Review of Scalar - Scala Conference

This is a long long overdue review of the Scalar conference that took place on 5th of April 2014 in Warsaw. It's been over 2 months since the event so I've forgotten a lot - this post is based mostly on the notes I took during the event. Unfortunately I lost most of the notes when transferring them between devices...

About the event

Scalar was a one day conference dedicated to Scala and organized by SoftwareMill - company whose people are well known among Java/Scala community. It was a free event and the venue was National Library - a lovely location next to Pole Mokotowskie park. There was no breakfast served at all - not great, but acceptable given it was a free event. A warning on the website to have a proper breakfast in the morning would be good, though. It was difficult to stay focused during the first presentation when in starvation mode. The situation was saved to some extent by cookies that were available in large quantities, and I appreciated 100% juice being available instead of sugar-enriched nectars or cola. There was one more issue with logistics - the lobby with cookies and drinks was too small and therefore incredibly crowded during the first breaks. Later the situation improved as more and more people started to go outside to enjoy lovely weather.

Content

There was only one track, so I didn't have to make difficult choices. I missed a few sessions, though - due to personal reasons I could not attend all sessions or stay focused at all times. The first session was about "Database Access with Slick". Slick is a functional-relational mapping offering direct mapping from SQL to Scala code with little impedance mismatch. In SQL world extensions like PL/SQL are proprietary and use ugly imperative form. With Slick one can enrich queries using Java code (or was it Scala code?) There is free support for open source DBs. Commercial extensions are needed to use Slick with proprietary DBs like Oracle. I remember a complex type system and operators presented during the session - I didn't find that aspect of Slick too appealing. Also support for upsert operation is not available yet. Summing up - the presentation was really solid, but I was not impressed by the Slick library itself. One more note - one can try Slick out on Typesafe Activator.

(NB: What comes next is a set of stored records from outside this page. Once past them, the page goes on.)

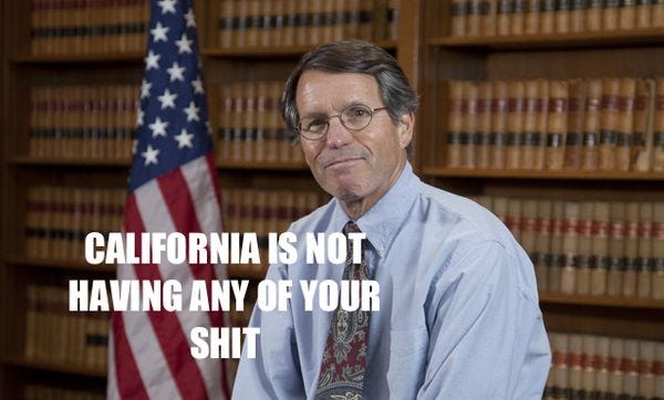 Illegal Intent: The President went on TV to clarify that he explicitly intended to punish California, because he is a dumbass.
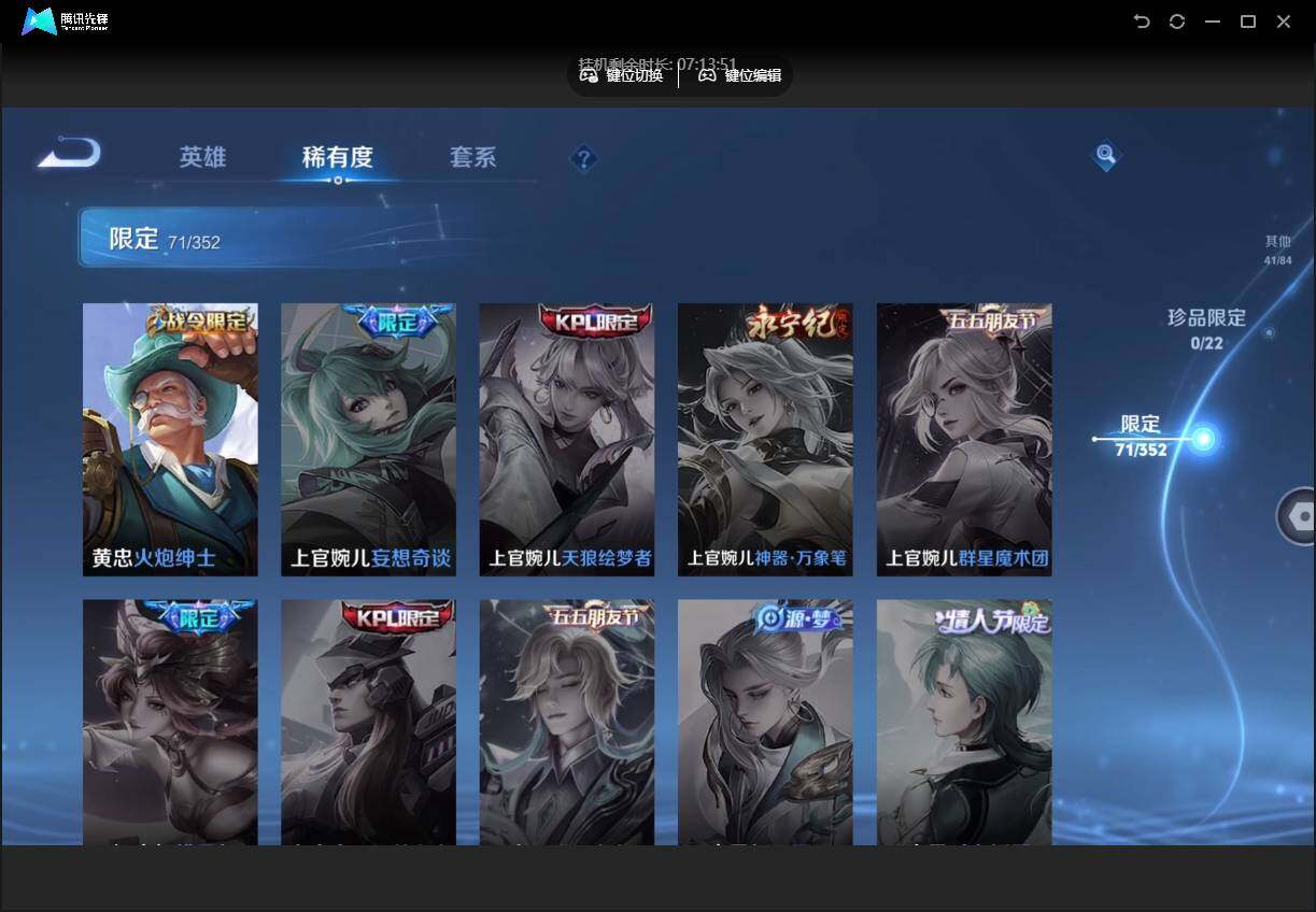 【W4471】【亮点:打野36段-对抗30段-银白咏叹调】 热门:逐花归海,愿照九州拓,神威】安卓q-有二次-贵7-125英雄-225皮肤-1典藏-1星元-10传说-71限定-8按键-贵族积分2w
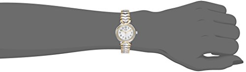 Click for More Images Two-tone 11mm stainless steel expansion band fits up to 7.5-inch wrist circumferenceWhite dial with black full Arabic numerals & gold-tone markersTwo-tone 25mm brass case with mineral glass crystalQuartz movement with analog...
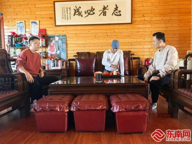林小彬(左一)、陳曉陽(右一)兄弟向陳秋涼(中)討教調(diào)解經(jīng)驗(yàn)。今日海滄供圖
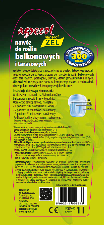Nawóz do roślin balkonowych i tarasowych Mineral Żel Agrecol to płynny nawóz mineralny CE w postaci łatwo rozpuszczalnego w wodzie żelu, przeznaczony do regularnego zasilania roślin uprawianych na balkonach i tarasach. Produkt został opracowany z myślą o intensywnie kwitnących roślinach ozdobnych, które uprawiane w pojemnikach wymagają systematycznego uzupełniania składników pokarmowych.
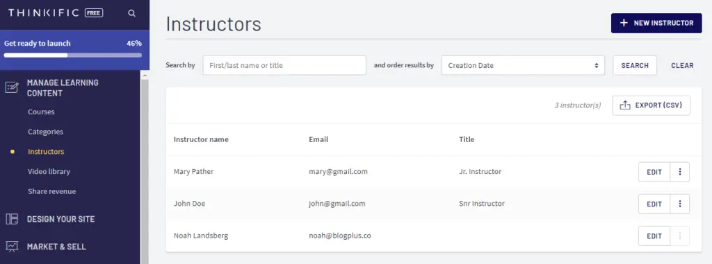 The instructors page also allows you to search for instructors by first or last name or title. You also have a filter feature that allows you to arrange results by first or last name. If for some reason you need to export a list of your instructors, you have the option of doing so in CSV file format. And if you need to edit instructor details, the Edit button next to an instructor’s profile makes it possible.
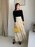 155cm|骨格ウェーブ 【トップス】 デコルテラインが綺麗に見えるトップス! さらに袖が少し短めで手首が細く見え、着痩せ効果のあるアイテムです☺︎ 【スカート】 柔らかい素材のフレアシルエットなので揺れ感が綺麗❤︎ シワにもなりにくいところもオススメポイントです。 アソート柄なので、お気に入りの1枚を見つけてください♪ 【シューズ】 サイドのねじりストラップがお洒落!ポインテッドトゥデザインなのもお気に入りポイントです♪綺麗めコーデにぴったりなシューズです。 ※サンプルのためシューズはLサイズを着用していますが、普段は23.5cmでMサイズを履いています
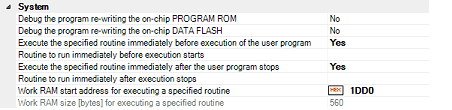 Specify the address to be executed immediately before the user program execution. This property is displayed only when [Execute the specified routine immediately before execution of the user program] property is set to [Yes].
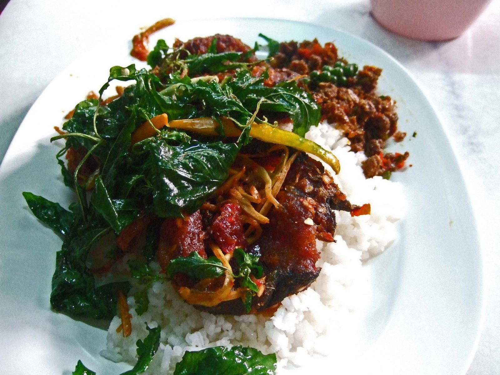 It was a very tasty plate of deep fried fish with basil (40 baht):
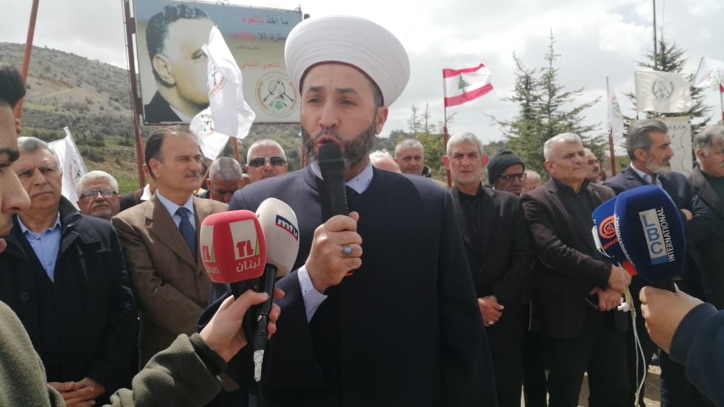 وألقى القاضي الشيخ إسماعيل دلة كلمة مفتي مرجعيون حاصبيا الشيخ حسن دلي أكد فيها أن لهذه الأرض الطاهرة في المزارع والتلال والعرقوب رجال تحرسها مهما كبرت المؤامرات ،ففيها جبلت الدماء وفيها مشهد الطير وتطل على الجليل وتحضن القدس،منوها بثلة من الرجال الأكارم الذين حملوا هذه القضية لتصل إلى العالم أجمع،واصفا من يتخلى عن هذه الأرض بالخائن،مذكرا بأن اليهود جادلوا الله بالبقرة ولا يمكن التفاوض معهم،مطالبا وزارة الخارجية بالعمل لإثبات حقنا كي لا نصبح لاجئين في بلدنا.
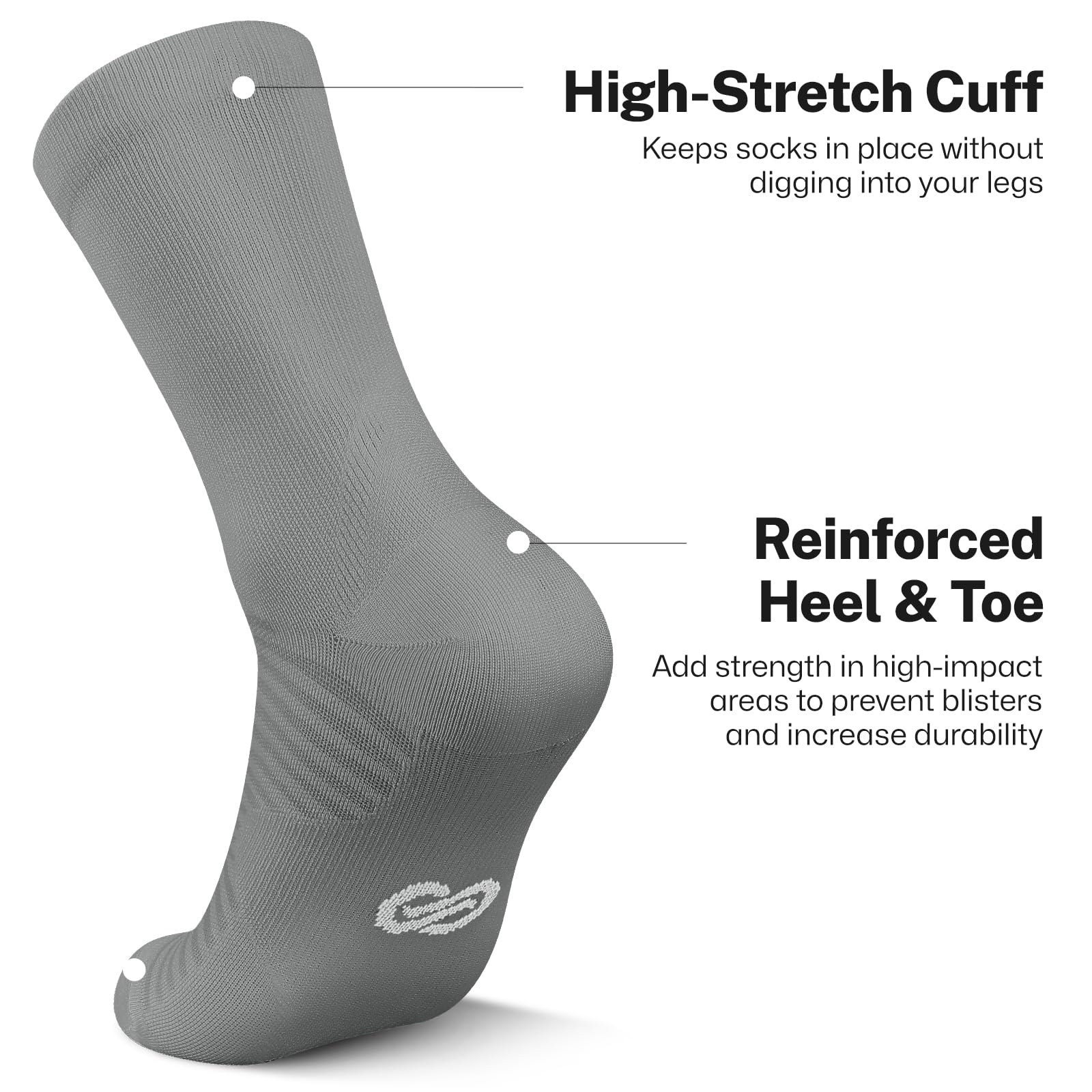[Comfortable and Durable] Extended design to maintain ankle stability. These running socks are of moderate height, between the calf and knee, giving a stable and comfortable feeling. Durable reinforced heel and toe make your cycling socks more durable. An excellent gift choice for joggers, athletes, fitness enthusiasts, office workers, travelers, and all kinds of people
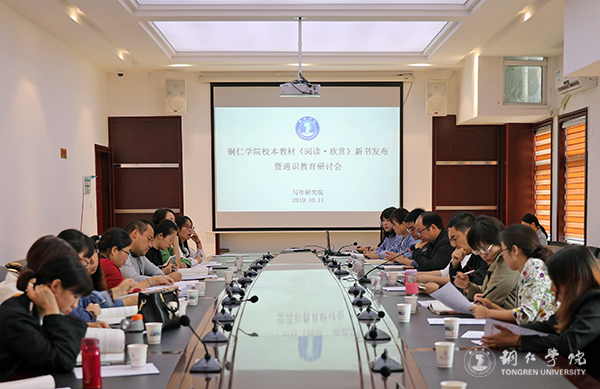 10月11日,世界杯官网校本教材《阅读·欣赏》新书发布暨通识教育研讨会在行政楼8520会议室召开。副校长罗红芳、教务处副处长李强、写作研究院全体教师、《阅读·欣赏》编委会成员及全校写作与沟通教师团队成员参加了会议。会议由写作研究院副院长、《阅读·欣赏》总策划孙向阳主持。
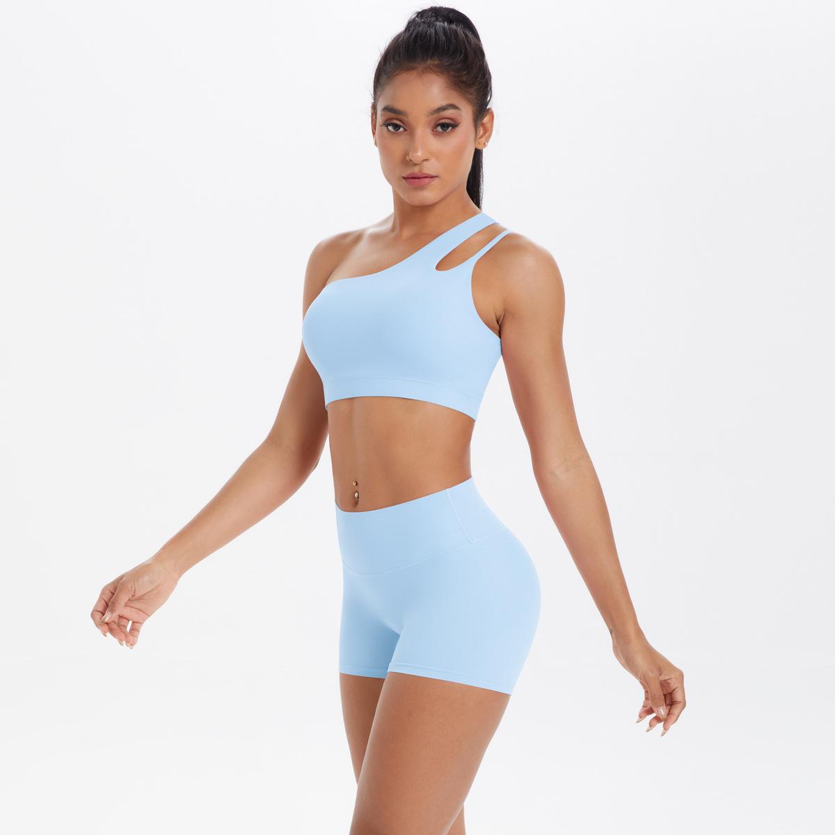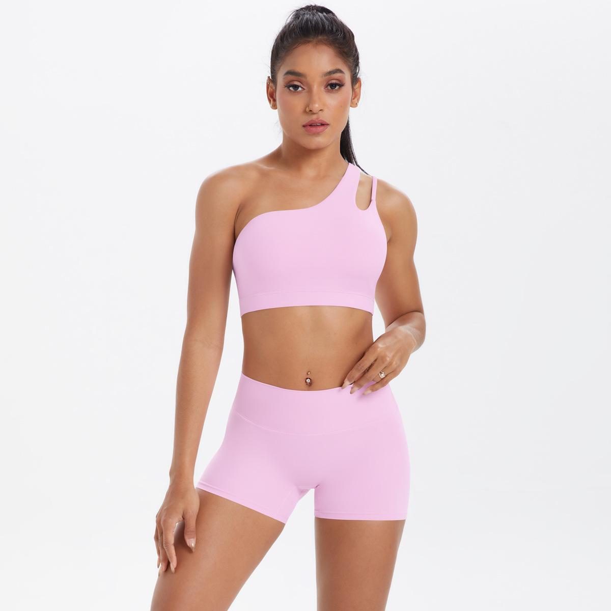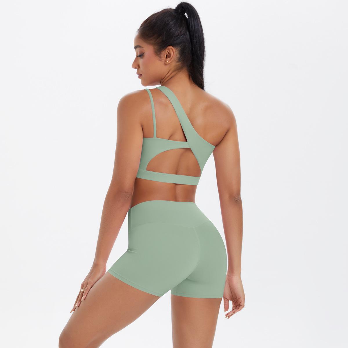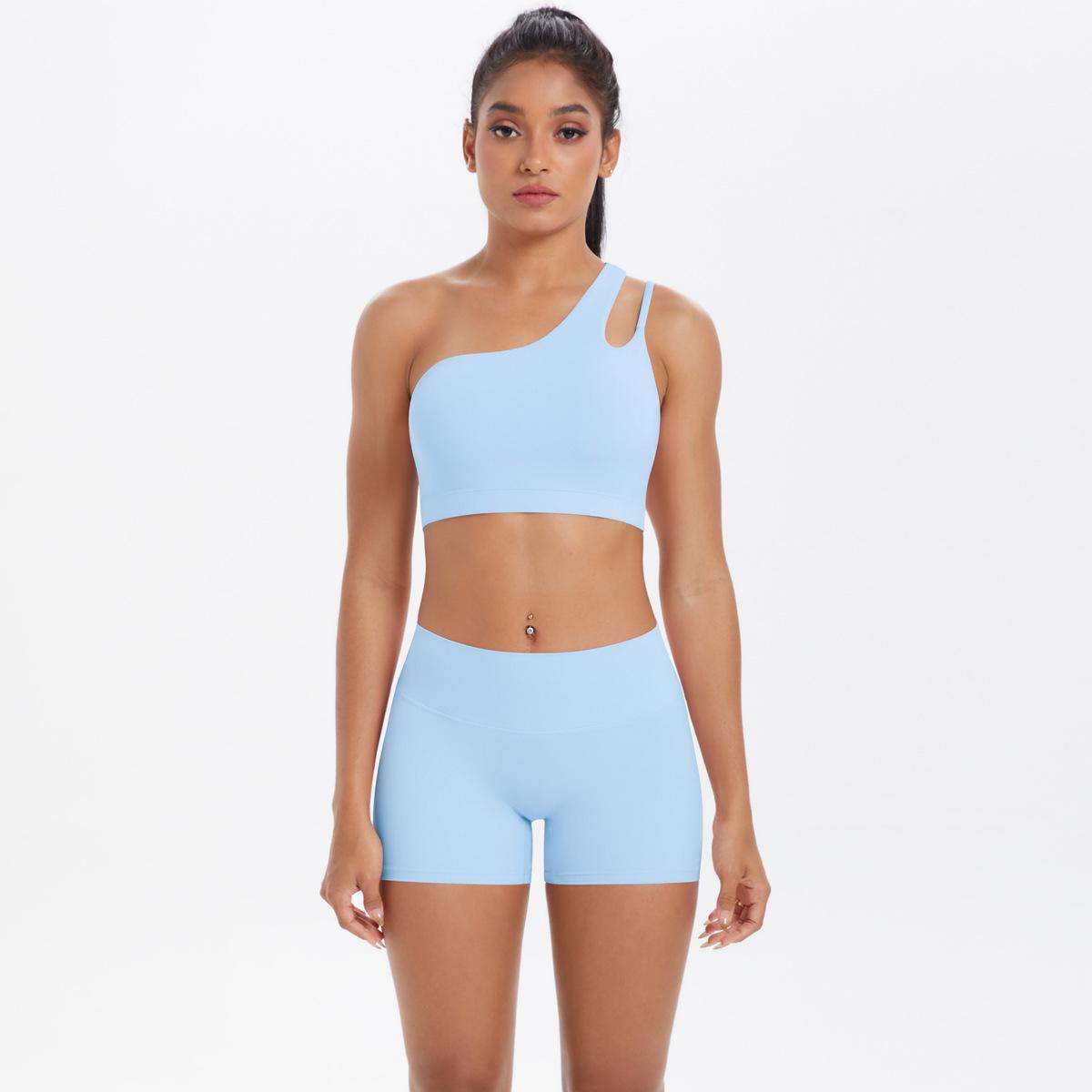Transfronterizo Nuevo Conjunto Deportivo de Yoga de un Hombro con Sensación de Nube Ajustado Cadera Secado Rápido para Correr Fitness Dos Piezas
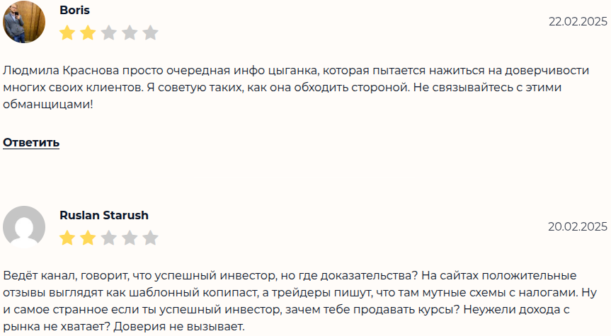 О деятеле есть как положительные, так и отрицательные фидбеки. В отрицательных отзывах об инвесторе пользователи телеграмм-канала трейдера «Уверенный доход Россия» Людмилы Красновой пишут, что это ТГ развод.

The second session covered "ReactJS and Scala.js". ReactJS is a JavaScript library for building UIs that was developed by Facebook and is used by Instagram. Scala.js allowed to develop code in Scala and compile it into JavaScript. During the presentation there was an extensive walk through code of a chat application (Play on backend, ReactJS + Scala.js on frontend). What I noted was that Scala collections work nice in a web browser. The problem is that JavaScript implementation of Scala standard library is heavy (20 MB), but can be stripped down to include only necessary bits e.g. 200kB in size. Another issue was that conversions from/to JavaScript types were a pain - especially intense if rapid prototyping is what you're after. Another conclusion: ReactJS works great with immutable data. Regarding Scala-to-JavaScript compiler: normal compilation is fast, but the produced files are huge. Closure compilation is slow but produces small output files. So from now on I'm writing from memory only as my surviving notes covered only first two sessions:

The next session was "Simple, Fast & Agile REST with Spray" by Adam Warski from SoftwareMill. The presentation was one of the better ones: well-paced, informative and with really smooth live coding. Live coding, if done well, makes presentations more interesting in my opinion. Not only the presentation itself was good, but the subject too - you can really expose RESTful interface (including starting up HTTP server) with a few lines of code using Spray. Definitely recommended if you are looking for Scala-based REST framework.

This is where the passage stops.